Which AQR entities are reporting ownership of AXIS Capital (AXS) shares?
The filing lists AQR Capital Management, LLC and AQR Capital Management Holdings, LLC as reporting persons. AQR Capital Management, LLC is described as a wholly owned subsidiary of AQR Capital Management Holdings, LLC, and both entities report identical ownership figures.
How many AXIS Capital (AXS) shares does AQR have voting and dispositive power over?
The AQR entities report shared voting power and shared dispositive power over 4,592,270 common shares of AXIS Capital. They report no sole voting power and no sole dispositive power over any AXIS Capital shares in this Schedule 13G.
Is AQR’s AXIS Capital (AXS) position intended to influence control of the company?

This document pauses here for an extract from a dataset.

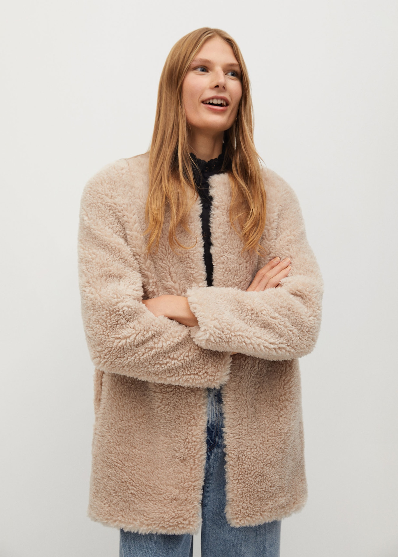 Las prendas de borreguito están causando furor esta temporada, y mucho más si además para poder lucirlas ningún animal ha tenido que sufrir. Y eso es justo lo que ocurre con esta chaqueta de Mango, que está elaborada con un tejido sintético que, sin embargo, consigue un efecto borreguito muy logrado.

The certification states the securities were acquired and are held in the ordinary course of business and not for the purpose of changing or influencing control of AXIS Capital, consistent with a passive Schedule 13G filing status.
What type of securities in AXIS Capital (AXS) are covered by AQR’s Schedule 13G?
The filing covers common shares of AXIS Capital Holdings Ltd. with a par value of $0.0125 per share. The CUSIP number identified for these securities is G0692U109, specifying the exact class of equity referenced.
Where are AXIS Capital (AXS) and AQR’s reporting entities based, according to the filing?
AXIS Capital’s principal executive offices are listed at 29 Richmond Road, 3rd Floor, Pembroke, Bermuda. AQR’s reporting entities list their principal business office as One Greenwich Plaza, Suite 130, Greenwich, Connecticut 06830, and are identified as United States entities.